PROBLEM STATEMENT: All entries must be repeated exactly. No picture should appear in the result.
[[ DATA SUPPLIED open ]]
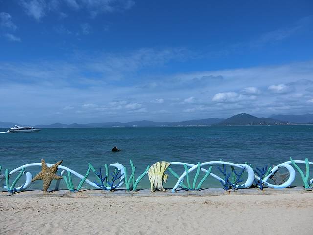 其实说起海三亚湾的是最没有特色的,和任何海滨公园没有多大区别,但是它近机场和高铁站,附近很多小吃和商店。说好的第二天出发去西岛的,没想到我们晚起了,就在附近的海滩逛一下,去三亚最出名的第一市场买买买,吃吃吃。你可以去第一市场逛逛水果摊,距离三亚湾近的还有一个大东海,大东海的海滩比三亚湾的清,我们一路上都留意到酒吧,别具风格的,如果你不喜欢步行,可以选择搭公交车,基本三亚湾的海边公交线路都在一条线的,我们住在三亚湾,只要往海边走,公交站上的线路都可以去到各大景点商场的。
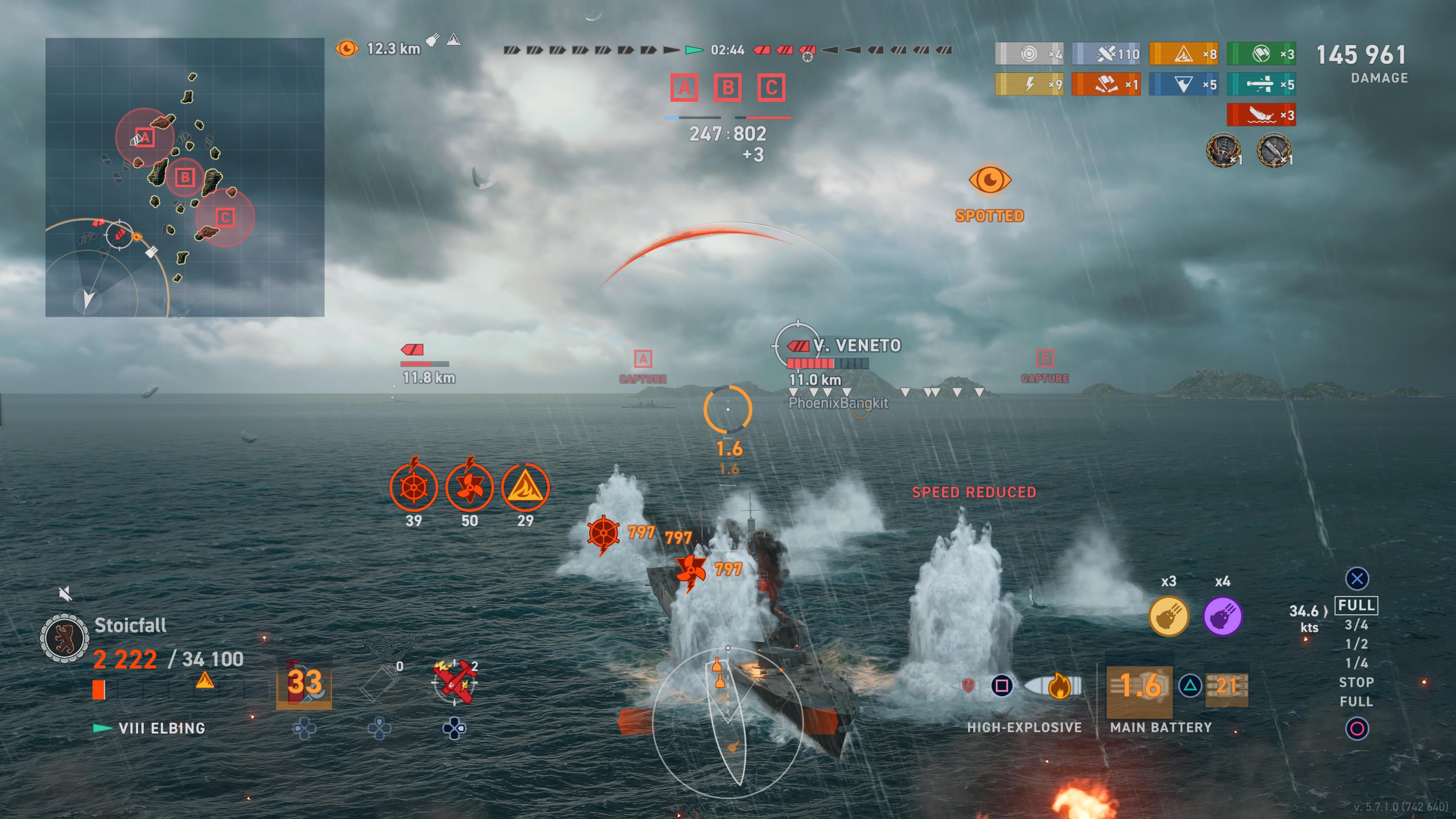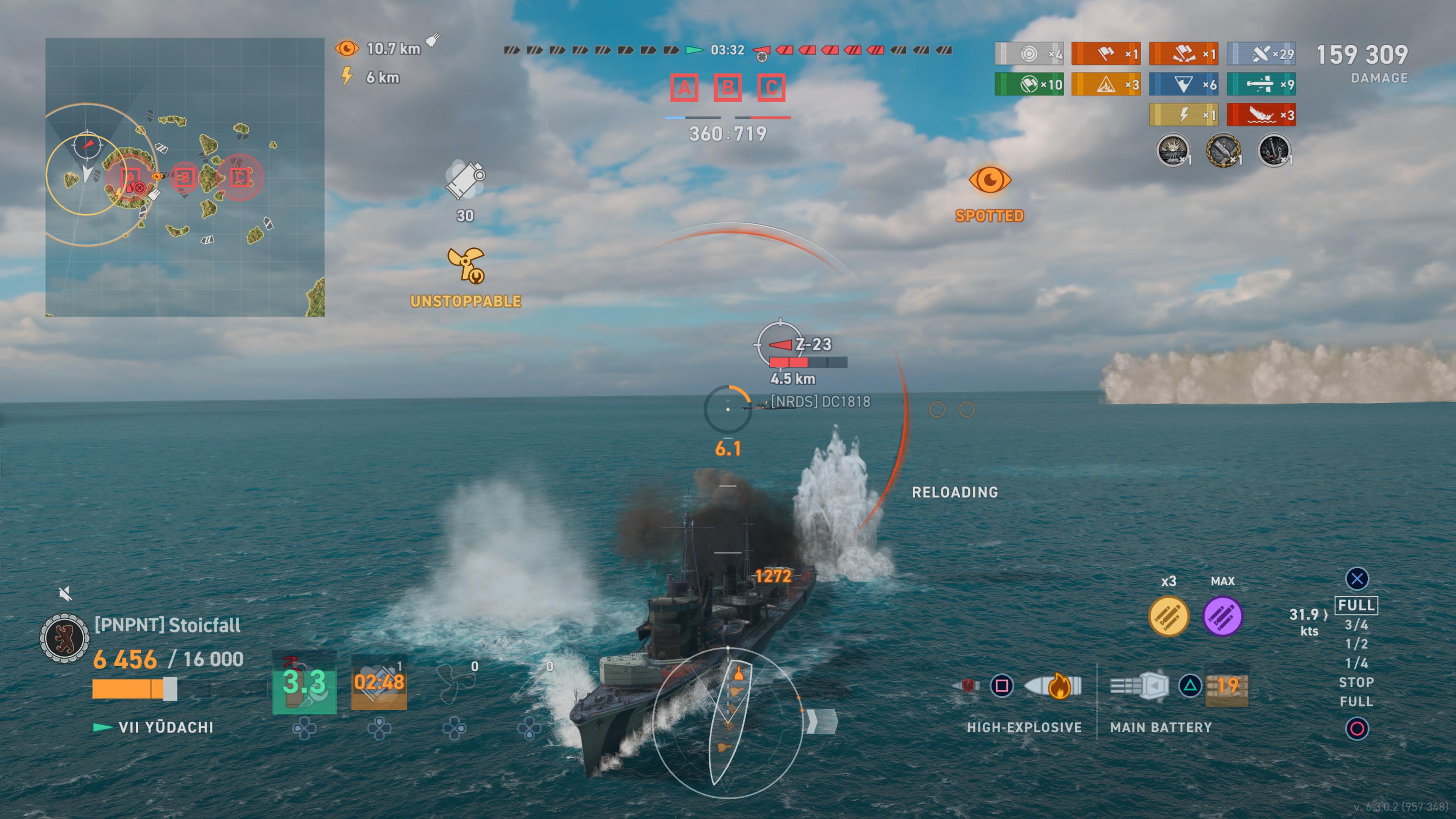 Blind Firing is when you aim to score a hit on an enemy ship which isn't detected, either by vision, sonar, or radar. When an enemy commander is firing at you and you're hidden in smoke or spotted only on the minimap, take note. It means they know their business. After a while, firing at muzzle flashes and scoring hits is not only possible, it is relatively simple. An enemy commander who sits inside or behind a smokescreen and remains stationary, firing away, makes themselves a target not only for torpedoes but also blind fire. Since we are aiming at muzzle flashes, it's not true blind firing as we have some form of visual reference. In this example, I was detected by enemy sonar, could not see them, and still managed to successfully blind fire using muzzle flashes (whilst burning a Bismarck on the side).
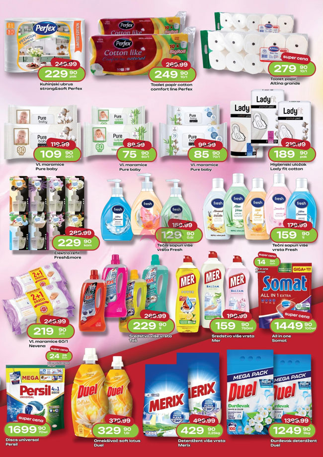 Hrana i piće, Kozmetika i nega, Kućna hemija, Mali kućni aparati, Ostalo za kuću i stan, Sve za bebe, Sve za kućne ljubimce
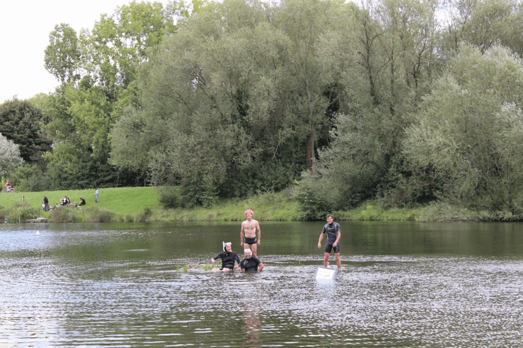 activistes de la bataille pour l’eau publique bravant l’interdiction de baignade dans l’Orge, en attendant la baignade pour tous
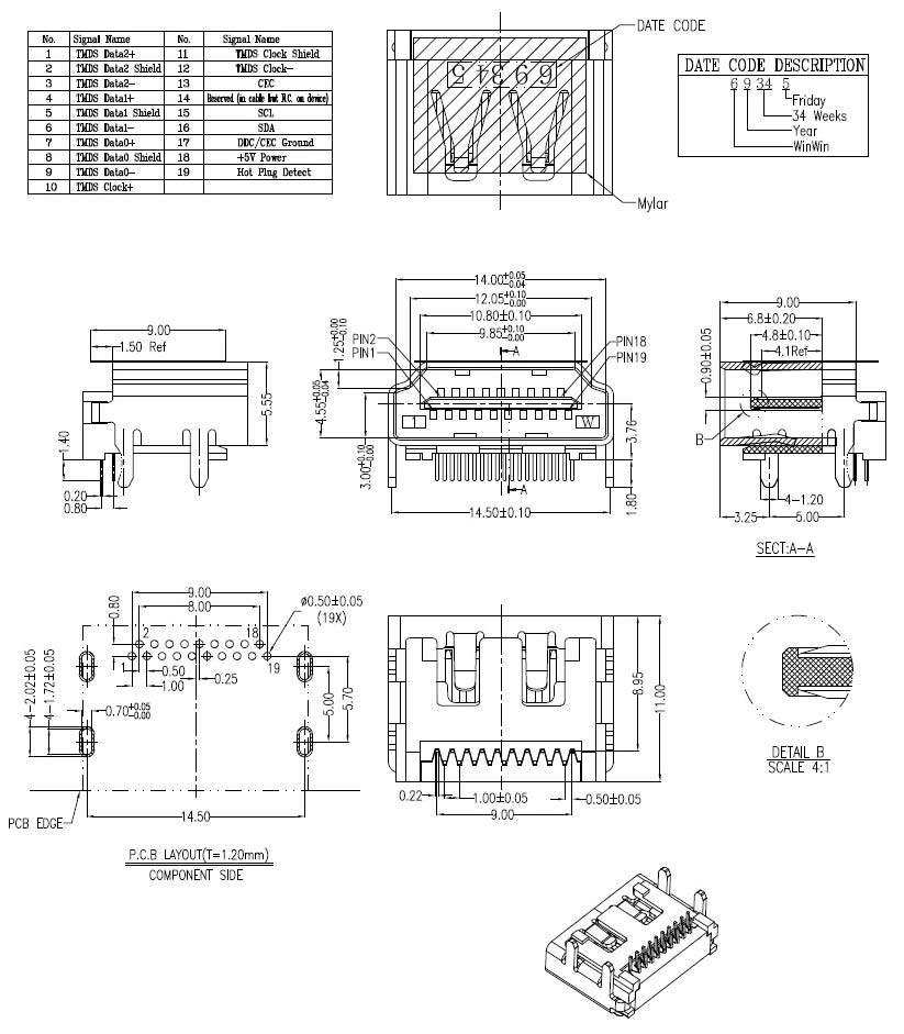 - HDMI (High Definition Multimedia Interface) 19Pins Right Angle
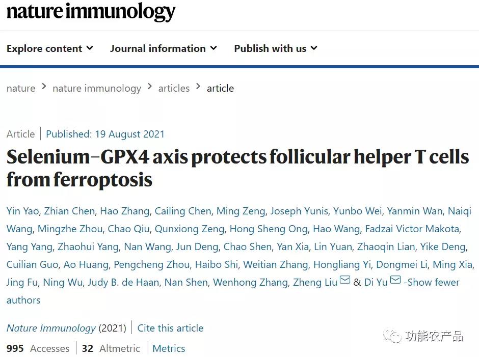 2021年8月19日,昆士兰大学/上海交通大学余迪,华中科技大学刘争及复旦大学张文宏等人在Nature Immunology 在线发表题为“Selenium–GPX4 axis protects follicular helper T cells from ferroptosis”的研究论文,该研究报告了TFH细胞显示出强化的脂质过氧化和线粒体形态改变,类似于铁死亡的特征,这是一种由铁依赖性脂质过氧化积累驱动的程序性细胞死亡形式。
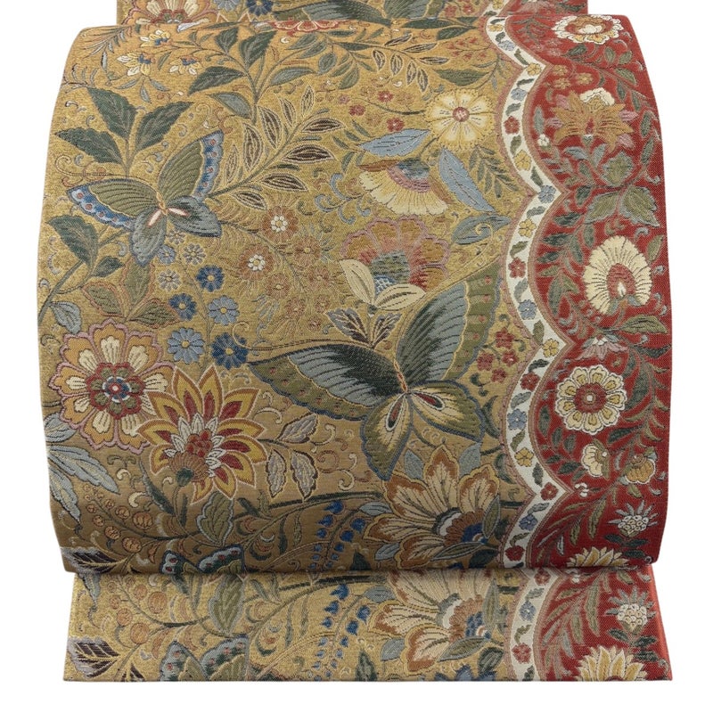 【袋帯】 黄色系 からし色 秀品 A 帯丈426cm~435cm 7990-9980 美品 二万以下
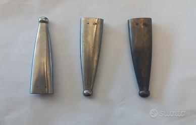 Per collezionisti e restauratori di cose militari, cedo un lotto di ottimi puntali in acciaio e ottone , come da foto, per foderi in cuoio della baionetta tedesca WW1 e WW2 adattabile anche a quelle di altre nazioni essendo più o meno simili. In foto le misure. Oggetti originali, non restaurati ben tenuti. PREZZO NON SCONTABILE. OGGETTO CHE NON SI TROVA PIÙ IN QUESTE CONDIZIONI .
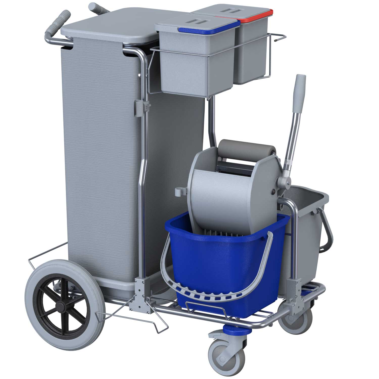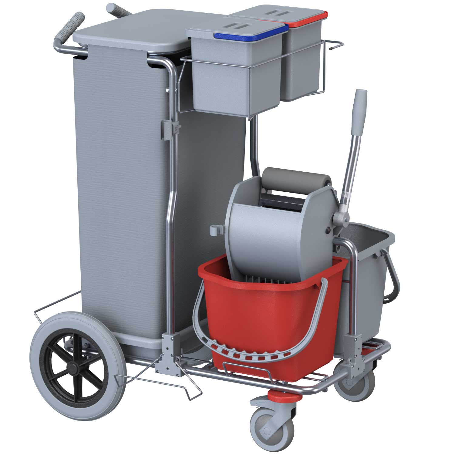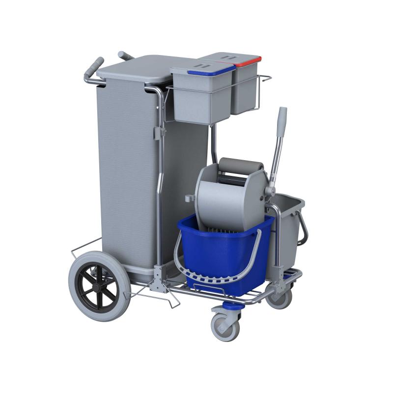Il carrello SMART 1 TOP BIG FOOT INOX fa parte della linea SMART, rinomata per la leggerezza e robustezza del suo telaio in tubolare con profilo tondo di acciaio inossidabile AISI 304. È dotato di due ruote in nylon pivottanti da 125 mm con freno e due ruote fisse da 300 mm. Le due ruote fisse di grandi dimensioni gli conferiscono un’eccellente direzionalità limitando lo sforzo fisico degli operatori. Presenta un sistema di lavaggio a piatto con doppio secchio da 15 litri e pressa Monoroll. Può essere personalizzato con gli accessori della gamma SMART.
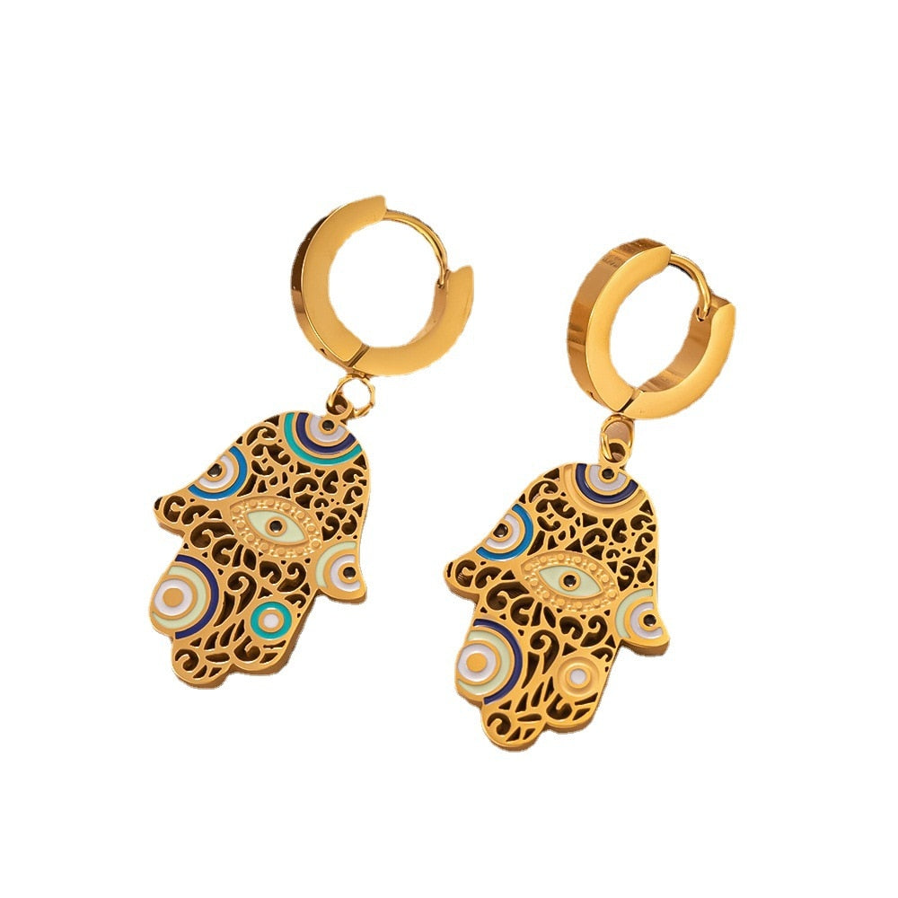 Joyería de oro 585 - Colgante de palma de ojo personalizado de acero inoxidable 316L, cadena cubana, colgante ahuecado, pulsera, collar, pendientes, conjunto de joyas
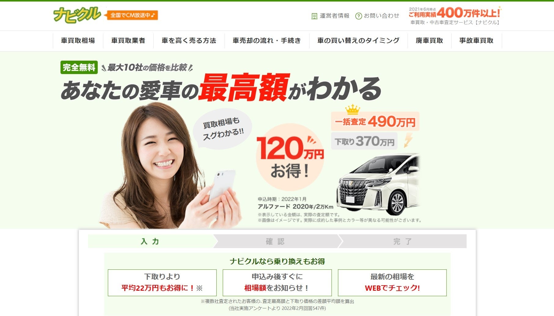ナビクルは、一度の情報入力で最大10社の中古車買取店の査定額を比較して、より愛車を高く売ることができる中古車一括査定サイトです。
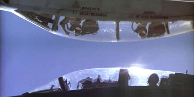 Még azt tudom elképzelni, hogy amit olvastam (valamelyik mozibakik oldalon), az egy félreértésen alapul, mivel az itt beszúrt képen látható jelenetnél alul valószinüleg a felvételnél valójában az F-14-es pilótafülkéje volt, tehát a képet tükrözték. Lehet, hogy ebből gondolta azt az illető, hogy a felvételnél az F-5-ös volt fejjel lefele. Én inkább arra hajlok, hogy ez a bizonyos felvétel valószinüleg nem is valódi, repülés közbeni gépekkel lett leforgatva, vagy pedig a két rendesen repülő gépről készült felvételeket utólag montirozták egymásra, tehát amit írtam, valóban tévedés lehet. Hamu a fejemre. :\ -
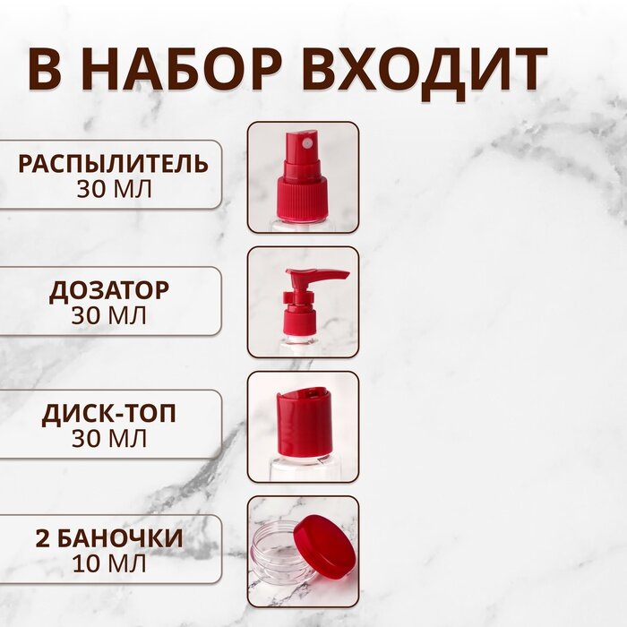 Дорожный флакон ONLITOP, 5 шт., 30 мл, белый/прозрачный
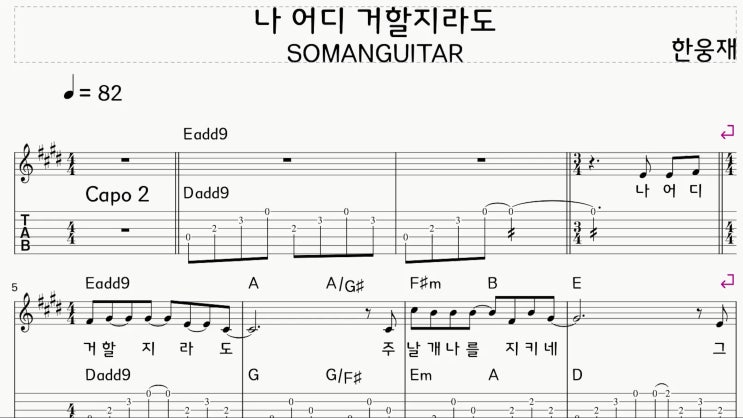 [E Key] 한웅재 - 나 어디 거할지라도 악보 행신동 실용음악학원 소만마을 기타교습소
[[ DATA SUPPLIED closed ]]
YOUR RESPONSE:
 其实说起海三亚湾的是最没有特色的,和任何海滨公园没有多大区别,但是它近机场和高铁站,附近很多小吃和商店。说好的第二天出发去西岛的,没想到我们晚起了,就在附近的海滩逛一下,去三亚最出名的第一市场买买买,吃吃吃。你可以去第一市场逛逛水果摊,距离三亚湾近的还有一个大东海,大东海的海滩比三亚湾的清,我们一路上都留意到酒吧,别具风格的,如果你不喜欢步行,可以选择搭公交车,基本三亚湾的海边公交线路都在一条线的,我们住在三亚湾,只要往海边走,公交站上的线路都可以去到各大景点商场的。
 Blind Firing is when you aim to score a hit on an enemy ship which isn't detected, either by vision, sonar, or radar. When an enemy commander is firing at you and you're hidden in smoke or spotted only on the minimap, take note. It means they know their business. After a while, firing at muzzle flashes and scoring hits is not only possible, it is relatively simple. An enemy commander who sits inside or behind a smokescreen and remains stationary, firing away, makes themselves a target not only for torpedoes but also blind fire. Since we are aiming at muzzle flashes, it's not true blind firing as we have some form of visual reference. In this example, I was detected by enemy sonar, could not see them, and still managed to successfully blind fire using muzzle flashes (whilst burning a Bismarck on the side).
 Hrana i piće, Kozmetika i nega, Kućna hemija, Mali kućni aparati, Ostalo za kuću i stan, Sve za bebe, Sve za kućne ljubimce
 activistes de la bataille pour l’eau publique bravant l’interdiction de baignade dans l’Orge, en attendant la baignade pour tous
 - HDMI (High Definition Multimedia Interface) 19Pins Right Angle
 2021年8月19日,昆士兰大学/上海交通大学余迪,华中科技大学刘争及复旦大学张文宏等人在Nature Immunology 在线发表题为“Selenium–GPX4 axis protects follicular helper T cells from ferroptosis”的研究论文,该研究报告了TFH细胞显示出强化的脂质过氧化和线粒体形态改变,类似于铁死亡的特征,这是一种由铁依赖性脂质过氧化积累驱动的程序性细胞死亡形式。
 【袋帯】 黄色系 からし色 秀品 A 帯丈426cm~435cm 7990-9980 美品 二万以下
 Per collezionisti e restauratori di cose militari, cedo un lotto di ottimi puntali in acciaio e ottone , come da foto, per foderi in cuoio della baionetta tedesca WW1 e WW2 adattabile anche a quelle di altre nazioni essendo più o meno simili. In foto le misure. Oggetti originali, non restaurati ben tenuti. PREZZO NON SCONTABILE. OGGETTO CHE NON SI TROVA PIÙ IN QUESTE CONDIZIONI .
Il carrello SMART 1 TOP BIG FOOT INOX fa parte della linea SMART, rinomata per la leggerezza e robustezza del suo telaio in tubolare con profilo tondo di acciaio inossidabile AISI 304. È dotato di due ruote in nylon pivottanti da 125 mm con freno e due ruote fisse da 300 mm. Le due ruote fisse di grandi dimensioni gli conferiscono un’eccellente direzionalità limitando lo sforzo fisico degli operatori. Presenta un sistema di lavaggio a piatto con doppio secchio da 15 litri e pressa Monoroll. Può essere personalizzato con gli accessori della gamma SMART.
 Joyería de oro 585 - Colgante de palma de ojo personalizado de acero inoxidable 316L, cadena cubana, colgante ahuecado, pulsera, collar, pendientes, conjunto de joyas
ナビクルは、一度の情報入力で最大10社の中古車買取店の査定額を比較して、より愛車を高く売ることができる中古車一括査定サイトです。
 Még azt tudom elképzelni, hogy amit olvastam (valamelyik mozibakik oldalon), az egy félreértésen alapul, mivel az itt beszúrt képen látható jelenetnél alul valószinüleg a felvételnél valójában az F-14-es pilótafülkéje volt, tehát a képet tükrözték. Lehet, hogy ebből gondolta azt az illető, hogy a felvételnél az F-5-ös volt fejjel lefele. Én inkább arra hajlok, hogy ez a bizonyos felvétel valószinüleg nem is valódi, repülés közbeni gépekkel lett leforgatva, vagy pedig a két rendesen repülő gépről készült felvételeket utólag montirozták egymásra, tehát amit írtam, valóban tévedés lehet. Hamu a fejemre. :\ -
 Дорожный флакон ONLITOP, 5 шт., 30 мл, белый/прозрачный
 [E Key] 한웅재 - 나 어디 거할지라도 악보 행신동 실용음악학원 소만마을 기타교습소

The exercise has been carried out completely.